→ Exercise
From the records below, print only the part that opens with the line containing "Iron dumbbells with" and closes with the line containing "Durante a aula"; omit the pictures.
[[ Material shown, beginning ]]
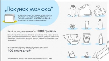 С 1 сентября 2018 года роженицы в Украине будут получать бесплатный бэби-бокс – набор вещей и средств гигиены, необходимых для ухода за малышом в первые месяцы жизни. Молодые мамы будут получать набор вещей для новорожденного в роддоме, помимо финансовой помощи при рождении ребенка. Планируется обеспечить такими наборами каждую роженицу, которая стояла на учете по беременности в женской консультации. «Это традиция, которую мы вводим для поддержки рождаемости. Сотни тысяч семей получат такую дополнительную целевую поддержку», - сказал премьер-министр Владимир Гройсман. В бэби-бокс входит набор одежды для малыша, пеленки, влажные салфетки, термометр, пустышка и соска, бутылочка для кормления, присыпка, детское масло и крем, фитосборы для ванночек, подгузники, два одеяла, а также учебные пособия по уходу за новорожденным. Общая стоимость украинского бэби-бокса составит 5 тысяч грн. Практика вручения бэби-бокса молодым матерям распространена во многих странах мира, в частности, такие наборы вручают женщинам в США, Канаде. Великобритании, Норвегии и Финляндии. В Финляндии такие коробки раздавали малообеспеченным роженицам с 1930-ых годов, но уже давно их раздают всем, без исключения, в том числе принцу, который недавно стал отцом.
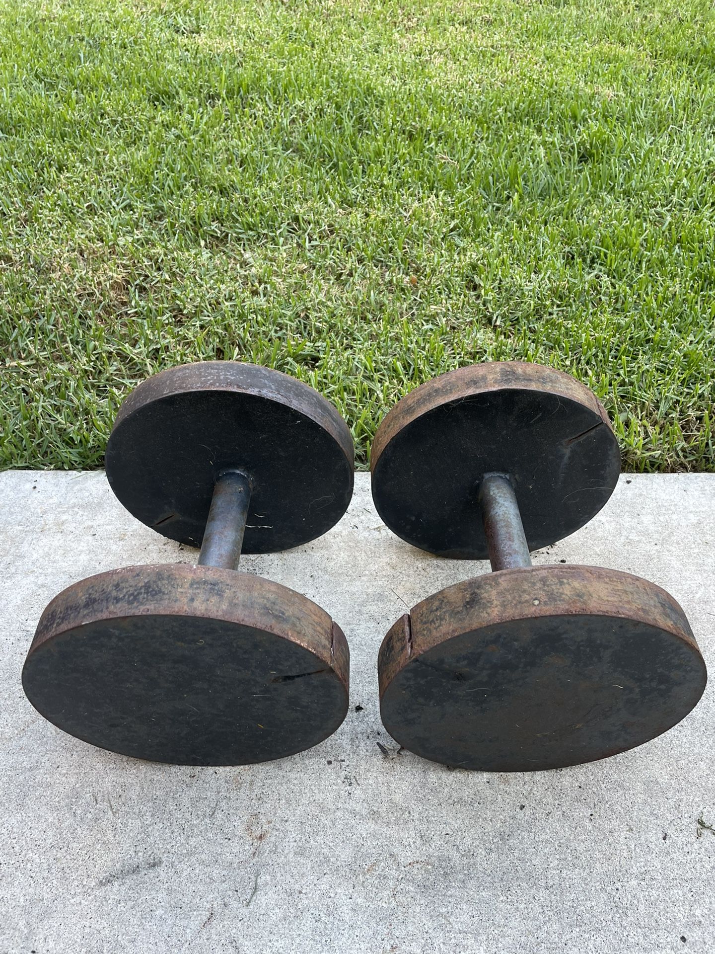 Iron dumbbells with a 1.5” grip great for forearms. 56lbs
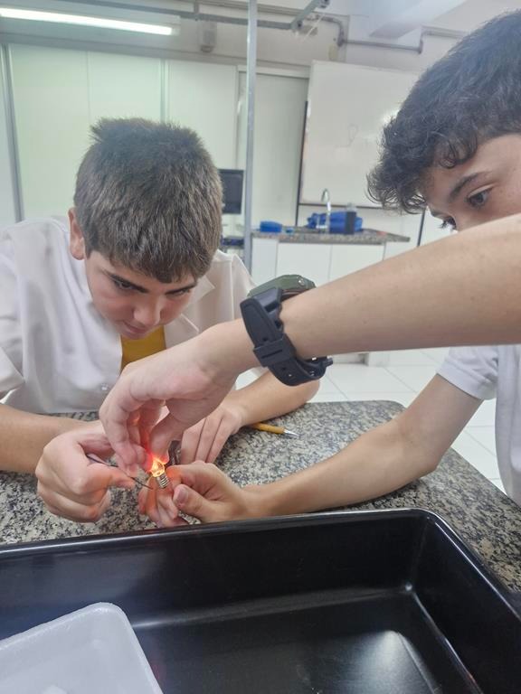 Durante a aula de laboratório, orientados pela professora Milena Almeida, os estudantes montaram um circuito simples e realizaram testes com diferentes materiais, investigando quais permitiam a passagem da corrente elétrica. A partir da experimentação, puderam observar resultados concretos e classificar os objetos como bons ou maus condutores.
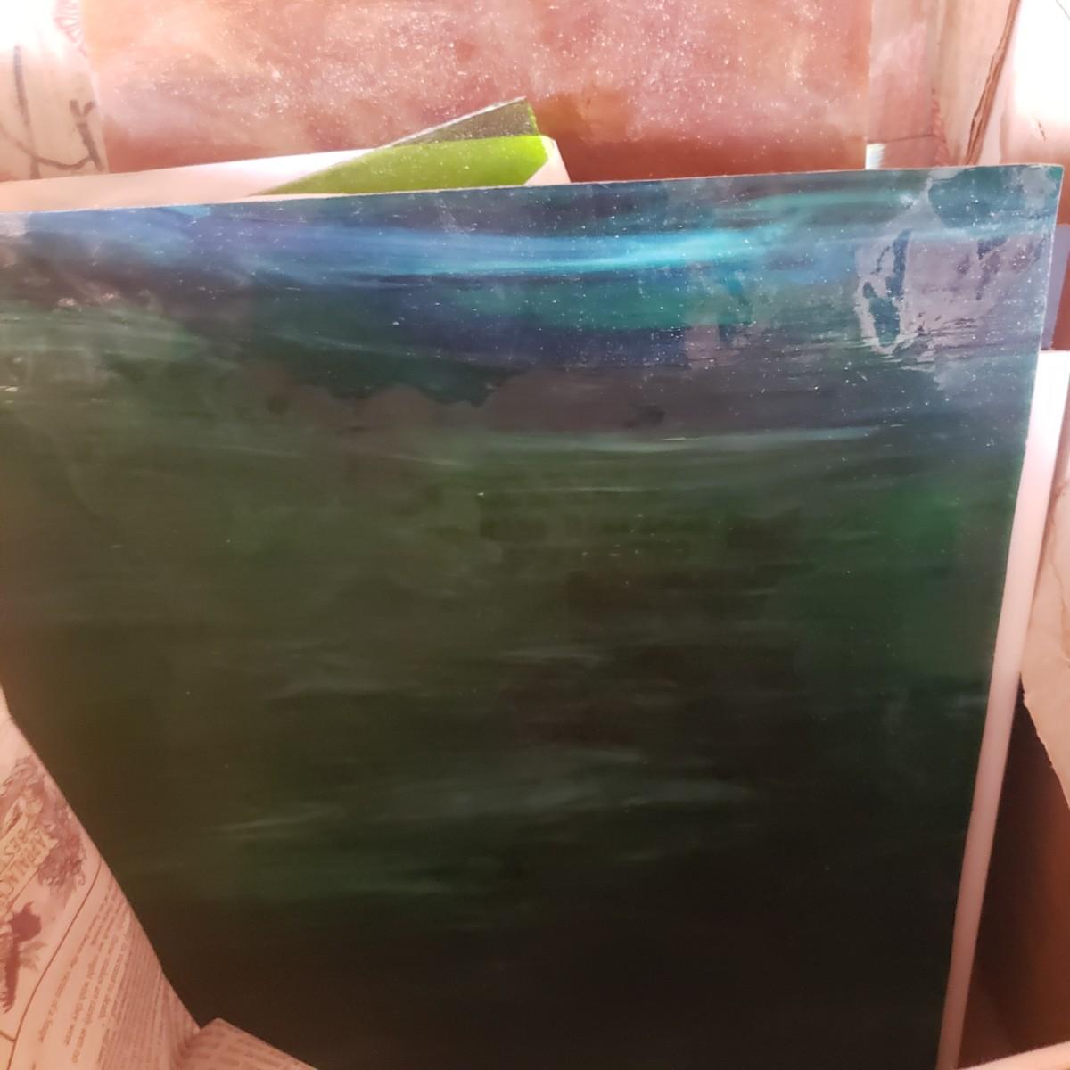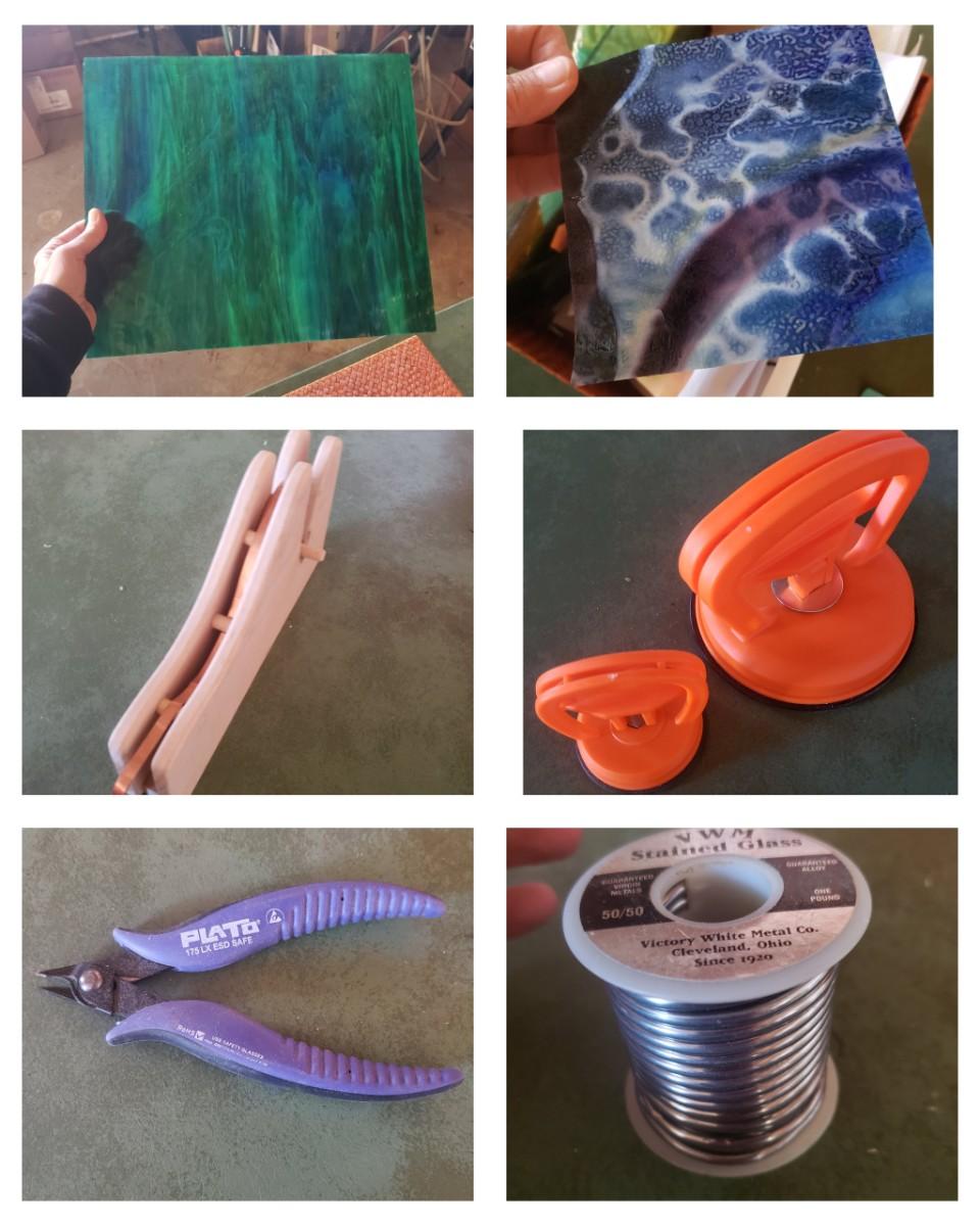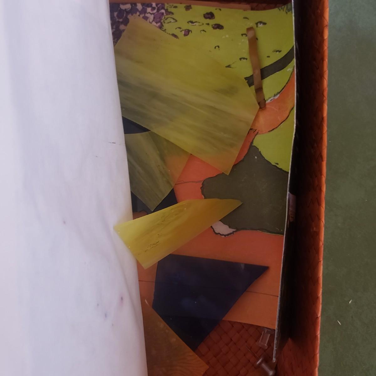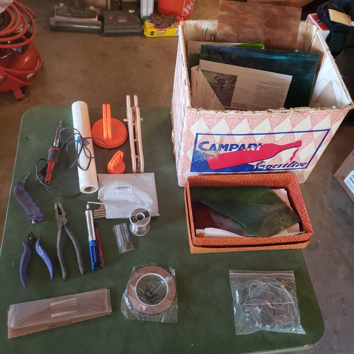 This stained glass lot has everything you need to start the process! There are tools and glass to get you going. The box of glass has sheets and pieces. The largest piece measuring 14" x 12". There is a rectangular basket layered with small pieces between paper, see pictures. There is a handmade copper foil dispenser! See pictures for details.
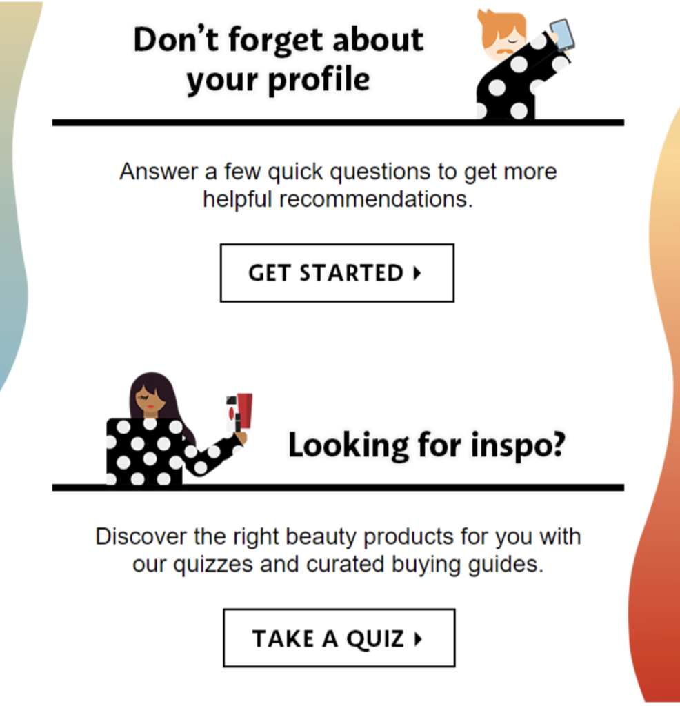 Sephora mengumpulkan preferensi dengan berbagai cara melalui email seri sambutan mereka. Pertama, mereka meminta pelanggan baru untuk menjawab beberapa pertanyaan untuk mendapatkan rekomendasi produk yang lebih baik. Kedua, mereka mempermainkan proses preferensi dengan mengundang pelanggan untuk mengikuti kuis untuk menentukan apa yang paling mungkin mereka beli.
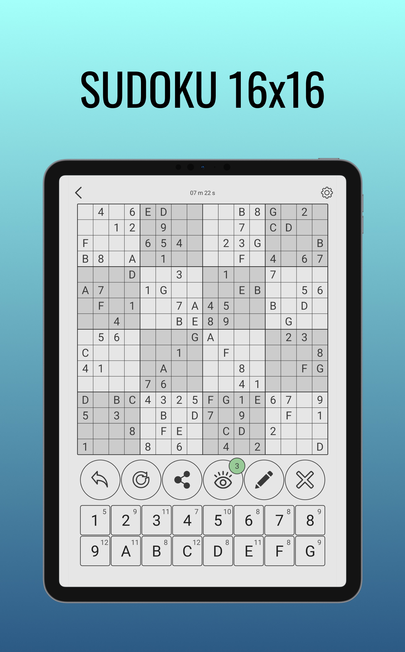 🚫 Hardcore version of the Sudoku game 16 by 16 cells. There are no clearly defined values in the cells; you decide for yourself how to complete the levels. The puzzle is intended exclusively for serious fans of the genre. 🚫 Modified classic sudoku for mobile phone or tablet. Gather the values so that there are no repetitions. A classic puzzle for the development of brain activity. Classic Sudoku is a logic number puzzle game where the goal is to place the numbers from 1 to 16 in each cell of the grid so that each number can only appear once in each row, each column and each mini-grid. With our sudoku puzzle app, you can not only enjoy sudoku games anytime, anywhere, but also learn sudoku Welcome to the world of Endless Sudoku 16x16, where the puzzle possibilities are boundless! Immerse yourself in the ultimate Sudoku challenge with a massive 16x16 grid that promises an ever-changing gaming experience. Endless Sudoku 16x16 Features: Infinite Variety: With a virtually endless supply of puzzles, no two games are alike. Each grid is a unique adventure waiting to be solved. Adaptive Difficulty: Our game adjusts to your skill level, ensuring that both beginners and Sudoku veterans find the perfect challenge. Dynamic Grids: Experience the thrill of dynamic puzzle layouts. No more repetitive patterns – every puzzle is a surprise. Smart Hints: Get helpful hints when you need them most. Our intuitive hint system ensures you never get stuck for long. Community Challenges: Engage with a vibrant community of Sudoku enthusiasts. Participate in special challenges and events. Sleek Design: Enjoy a visually stunning and user-friendly interface that enhances your puzzle-solving journey. Achievements and Rewards: Earn achievements and unlock rewards as you progress. Can you collect them all? Compete Globally: Show off your Sudoku skills on the global leaderboard. Compete with players from around the world. Dive into the world of Endless Sudoku 16x16, where every move is a choice, and every puzzle is a fresh opportunity. Whether you're a casual gamer or a hardcore puzzler, the variety and depth of our game will keep you hooked for hours on end. Are you ready to embark on an endless Sudoku adventure? Endless Sudoku 16x16 Infinite Sudoku variations Dynamic puzzle challenges Sudoku puzzle with adaptability Unique Sudoku grids Smart hint system Community Sudoku challenges Sudoku achievements Sudoku puzzle for all levels Sudoku 16x16, the ultimate number puzzle challenge! This mind-bending game takes the classic Sudoku concept to a whole new level with a 16x16 grid. Are you ready to put your logical skills to the test? Sudoku 16x16 Features: Larger Grid: Enjoy a massive 16x16 grid, providing a thrilling and more complex puzzle-solving experience compared to the standard 9x9 Sudoku. Multiple Difficulty Levels: Whether you're a Sudoku beginner or an expert, we offer various difficulty levels to suit your skill level. Unlimited Puzzles: Never run out of puzzles to solve. Our game generates unlimited Sudoku 16x16 puzzles, ensuring you'll always have a fresh challenge. Intuitive Interface: Easy-to-use interface with helpful features like pencil marks, error checking, and hints to assist you along the way. Sleek Design: Enjoy a visually pleasing and user-friendly design that enhances your gaming experience. Statistics Tracking: Keep track of your progress with in-depth statistics. Monitor your best times and accuracy as you improve. Compete with Friends: Connect with friends and compete for the fastest completion times on our leaderboard. Get ready to immerse yourself in the world of Sudoku 16x16, where precision, logic, and strategy are your keys to success. Challenge yourself, sharpen your mind, and become a Sudoku master today! Sudoku 16x16 Sudoku puzzle game 16x16 number puzzle Logic and strategy game Brain teaser challenge Sudoku app for mobile Number grid puzzle Sudoku solver
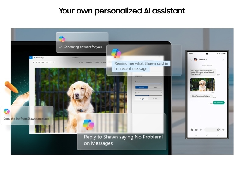 Manage your tasks via quick chat prompts with Copilot's personalized AI assistance.² Plus, get smarter communication tools—access contacts and send messages effortlessly with a simple chat command.
[[ Material shown, end ]]
→ Your solution
 Iron dumbbells with a 1.5” grip great for forearms. 56lbs
 Durante a aula de laboratório, orientados pela professora Milena Almeida, os estudantes montaram um circuito simples e realizaram testes com diferentes materiais, investigando quais permitiam a passagem da corrente elétrica. A partir da experimentação, puderam observar resultados concretos e classificar os objetos como bons ou maus condutores.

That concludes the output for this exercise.